Jesus, in His life and ministry, went beyond borders of all sorts....clean/unclean, saintly/sinful, rich/poor...including those defined by authorities of His own day. In doing so, he called into being a community of magnanimity and generosity that would reflect God's unlimited love for all people.

He called people "blest" not when they have received the most, but when they have shared the most and needed the least. Christians distinguish themselves not by the quantity of their possessions, but the quality of the heart is measured by the extent to which one loves the least significant among us.

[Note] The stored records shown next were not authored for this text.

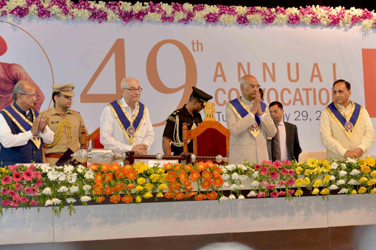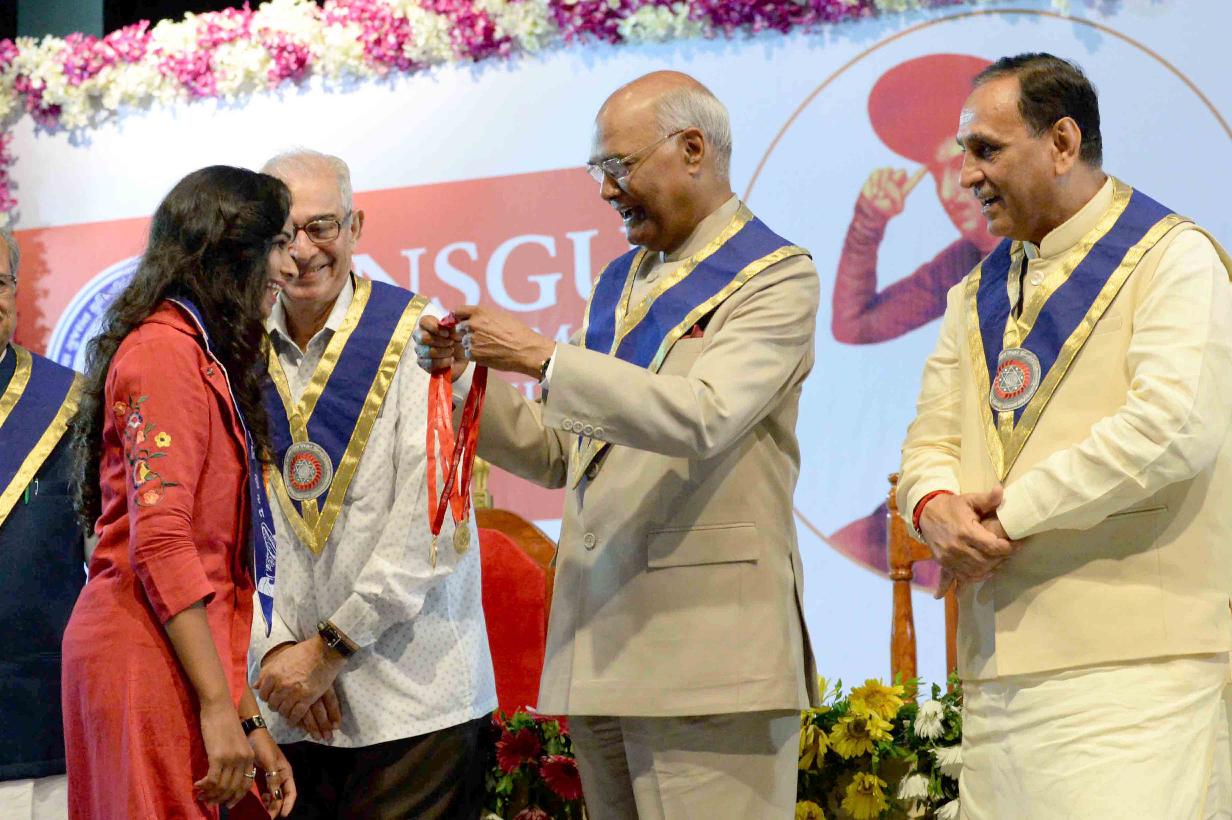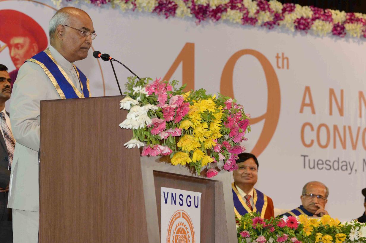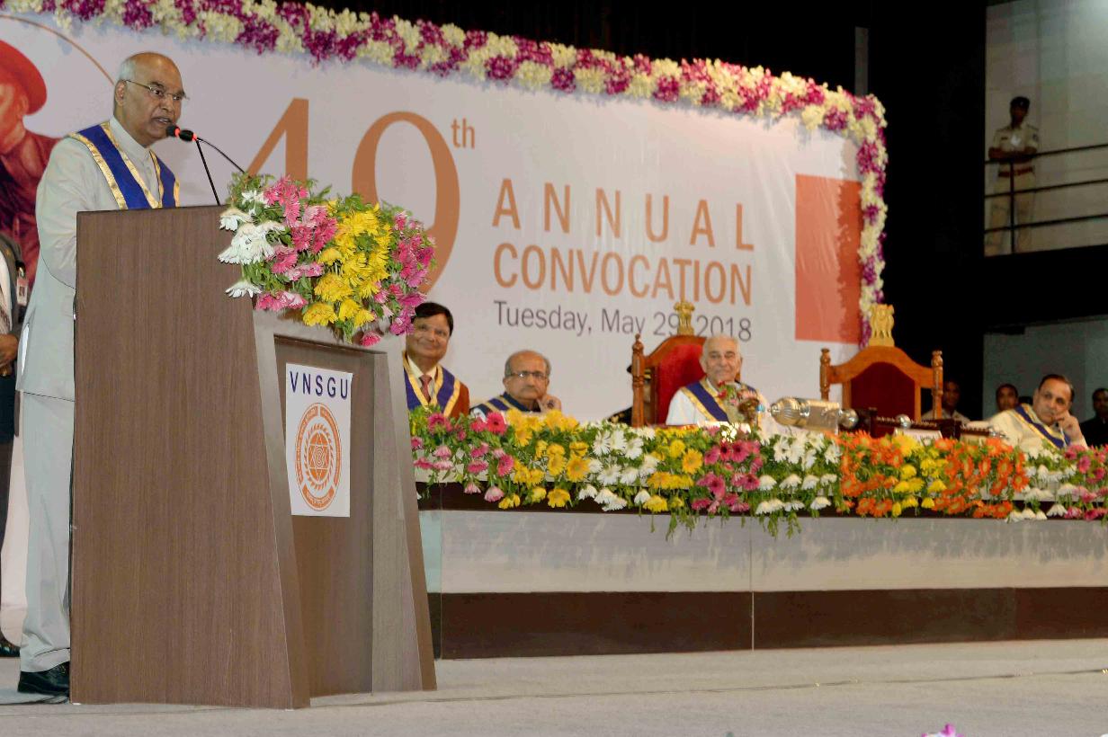 | Caption: | The President of India, Shri Ram Nath Kovind addressing the 49th Annual Convocation of Veer Narmad South Gujarat University (VNSGU) and presenting the Gold Medal and Degree to the students, at Surat, in Gujarat on May 29, 2018. |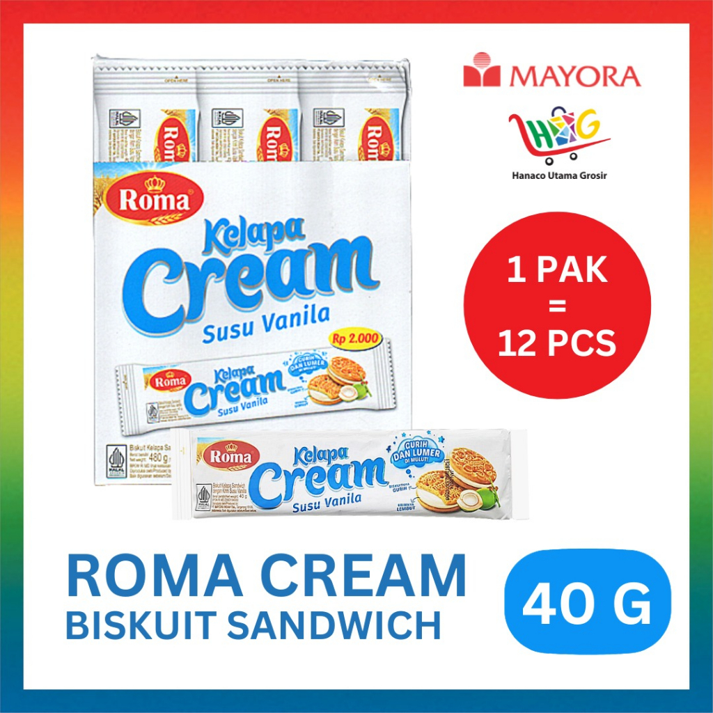- Roma Kelapa cream 40gr merupakan biskuit yang dibuat dari kelapa segar pilihan. Biskuit ini dilengkapi dengan sumber vitamin dan kalsium yang dapat menutrisi tubuh Anda. Nikmati biskuit bersama teh di sore hari dapat mencerahkan hari Anda. - Roma Kelapa cream cokelat 40gr merupakan biskuit yang dibuat dari kelapa segar pilihan. Biskuit ini dilengkapi dengan sumber vitamin dan kalsium yang dapat menutrisi tubuh Anda. Nikmati biskuit bersama teh di sore hari dapat mencerahkan hari Anda.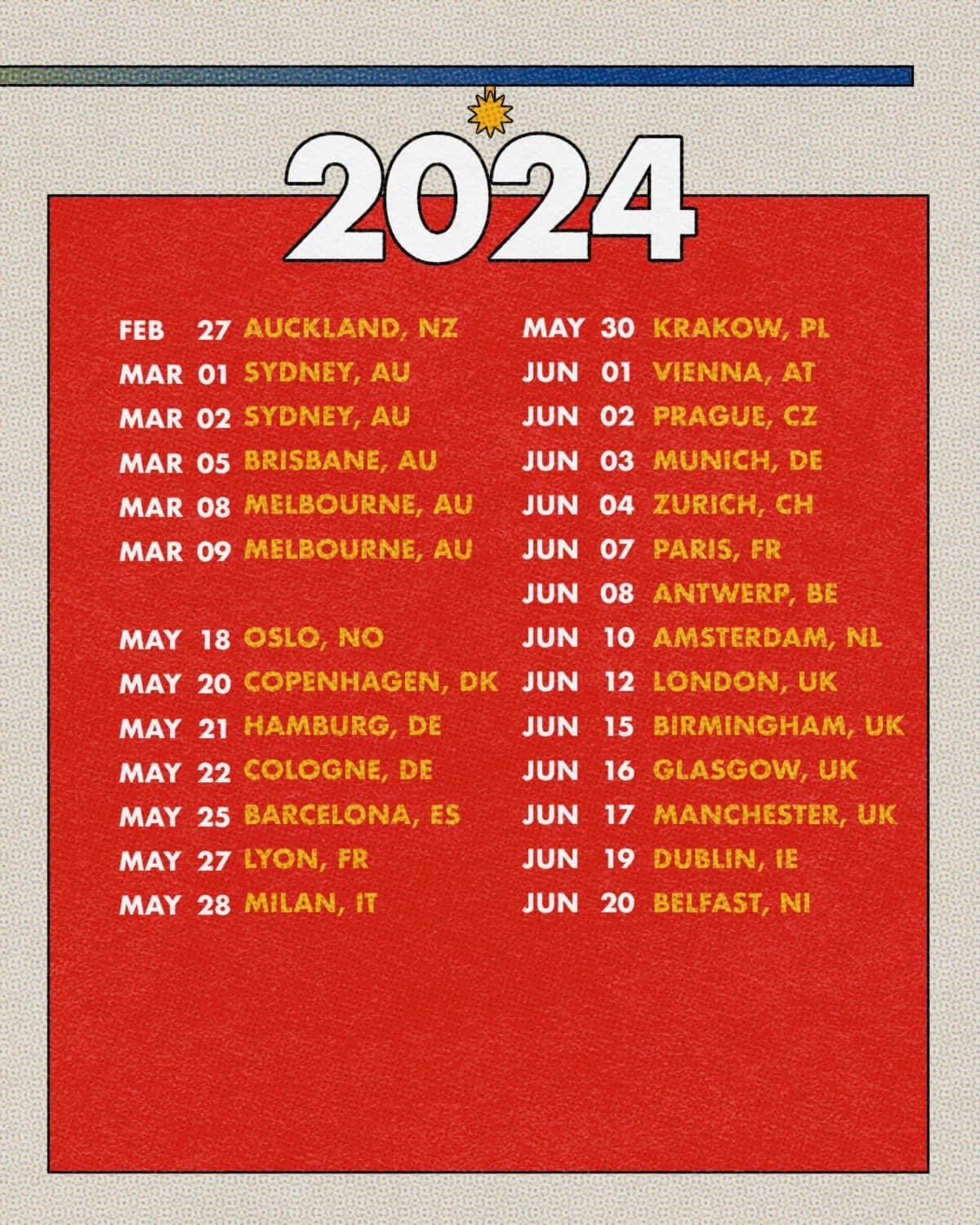 The newly announced leg sees the band performing for the FIRST TIME EVER in New Zealand and Australia in February/March 2024.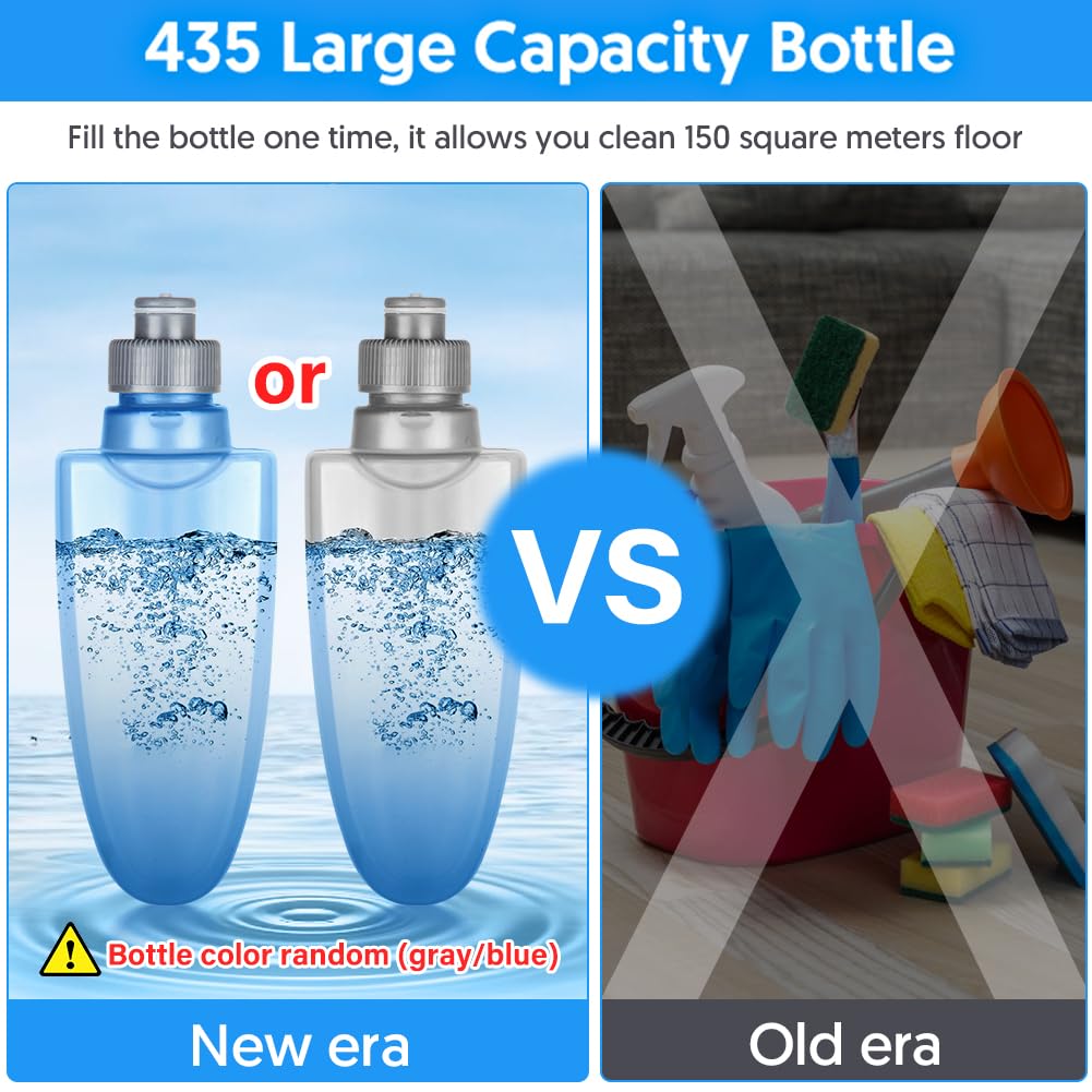 - [435ML Refillable Bottle] – High capacity refillable cleaning mop bottle can contains 435ml water. Meanwhile, you could fill it up with your favorite floor detergent, please remember to clean the water tank after finished the cleaning. Just fill the bottle one time, it allows you clean 100 square meters area, which you do not need to fill the cleaning solution multiple times during the cleaning process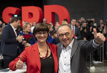 Γερμανία: Η... λίστα του Μπόργιανς κλονίζει τον µεγάλο συνασπισµόΟι προτάσεις της νέας διαρχίας-ηγεσίας των Γερµανών Σοσιαλδηµοκρατών, Νόρµπερτ Βάλτερ Μπόργιανς και η ΣάσκιαΕσκεν, για αύξηση κρατικών δαπανών, µε στόχο να µπει φρένο στον κατήφορο των εκλογικών ποσοστών του SPD, θέτουν εν αµφιβόλω το µέλλον της συγκυβέρνησης με τους Χριστιανοδημοκράτες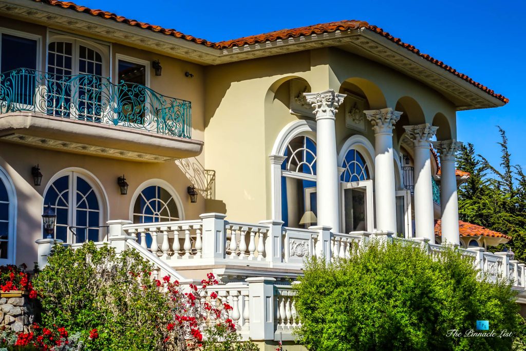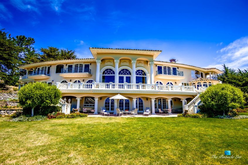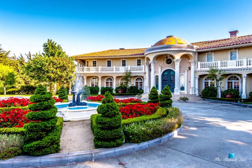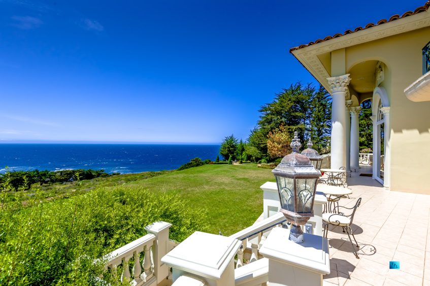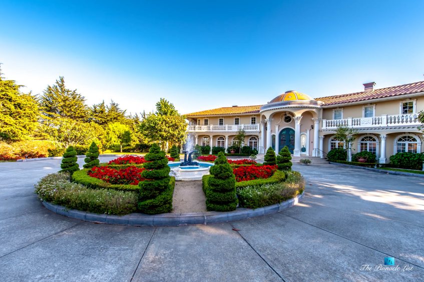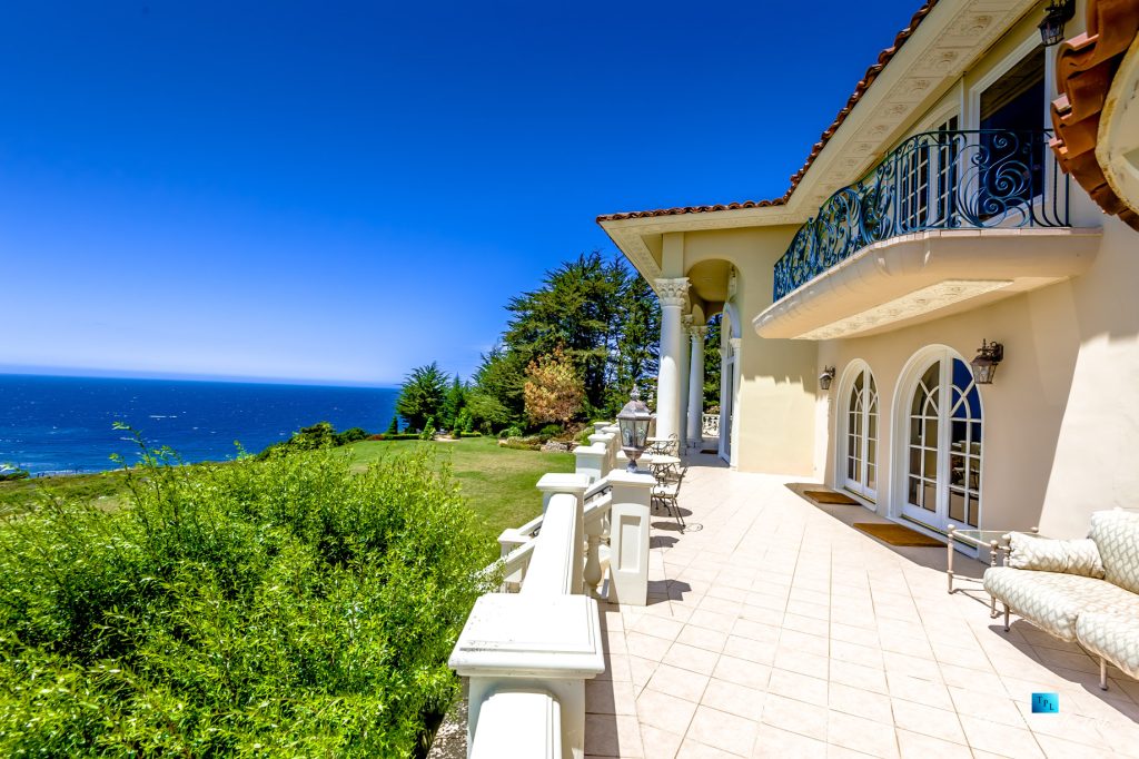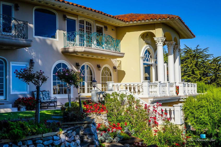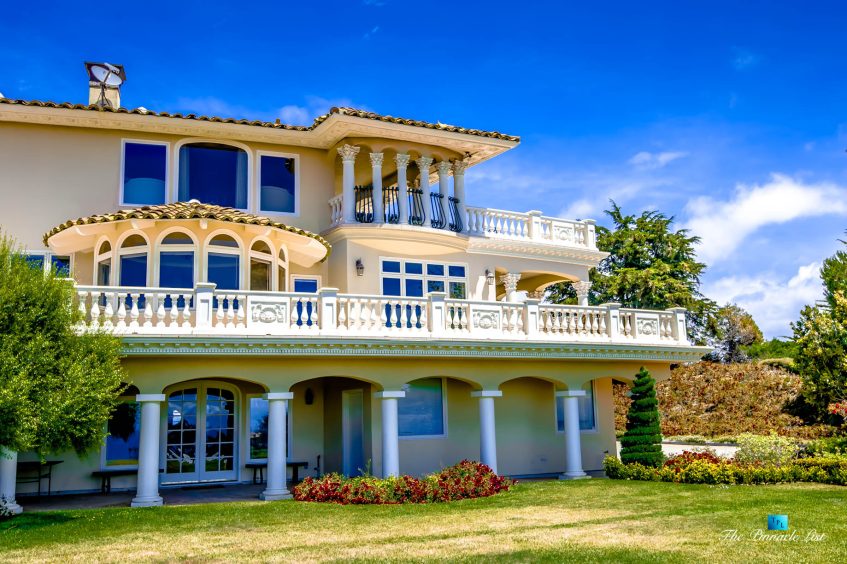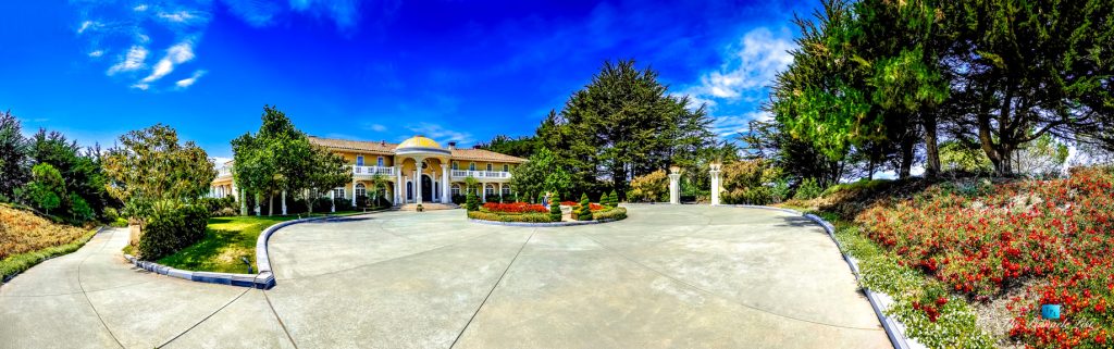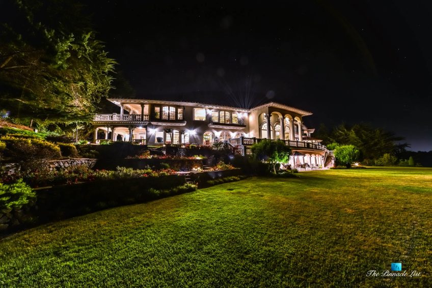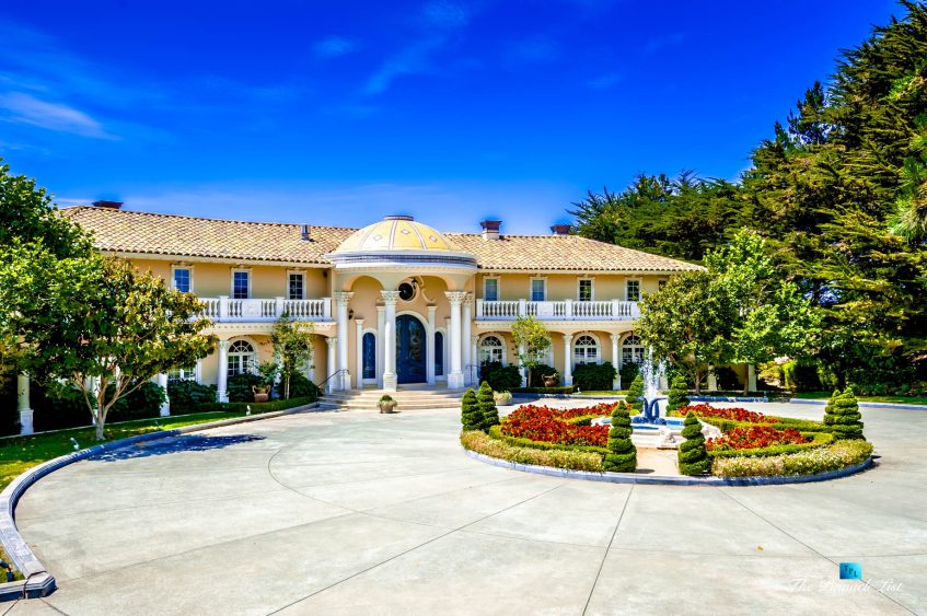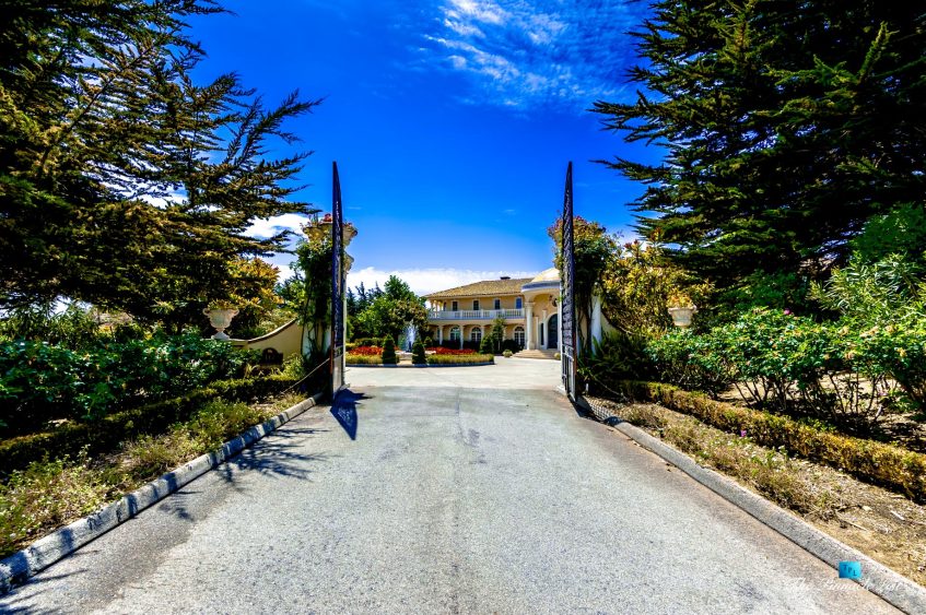 Set upon the lush green hills above La Selva Beach, Villa Viscaya is an sensational 13,200 sq. ft. luxury Mediterranean Oceanfront residence perched high on a private 12.8 acre gated bluff top property overlooking the serene and breathtakingly beautiful panoramic vista views across California’s Monterey Bay.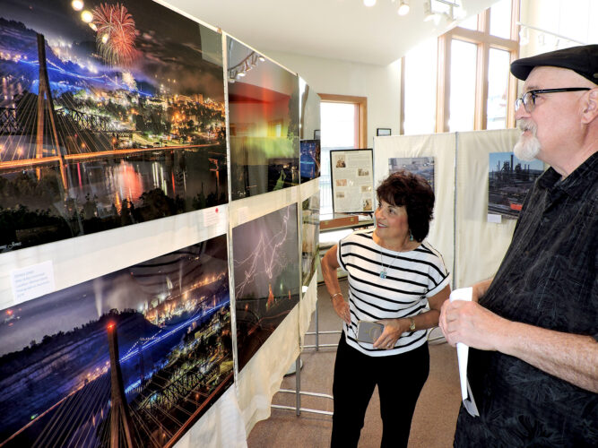 Dennis Jones of Weirton and Gina Judy of Richmond discuss one of many landscapes he has photographed during the opening reception Wednesday for an ongoing exhibit at the Historic Fort Steuben Visitor Center. With Garen DiBartolomeo, Jones and Judy are co-curators of the show, which features ...

Many immigrants sit at America's door like Lazarus, hoping for scraps to fall from the US table of prosperity. They are seeking not simply charity, but justice. In Matthew, Jesus says, "I was hungry and you gave me food; I was thirsty and you gave me drink; a stranger and you welcomed me naked and you clothed me; ill and you cared for me; in prison and you visited me. "



The corollaries to the immigrant experience are striking. Hungry in their homelands, thirsty in the treacherous deserts they cross, naked after being robbed at gunpoint by bandido gangs, sick in hospitals from heat-related illnesses, imprisoned in immigration detention centers and, finally, if they make it across, estranged in a new land, they bear many of the marks of the crucified Christ in our world today."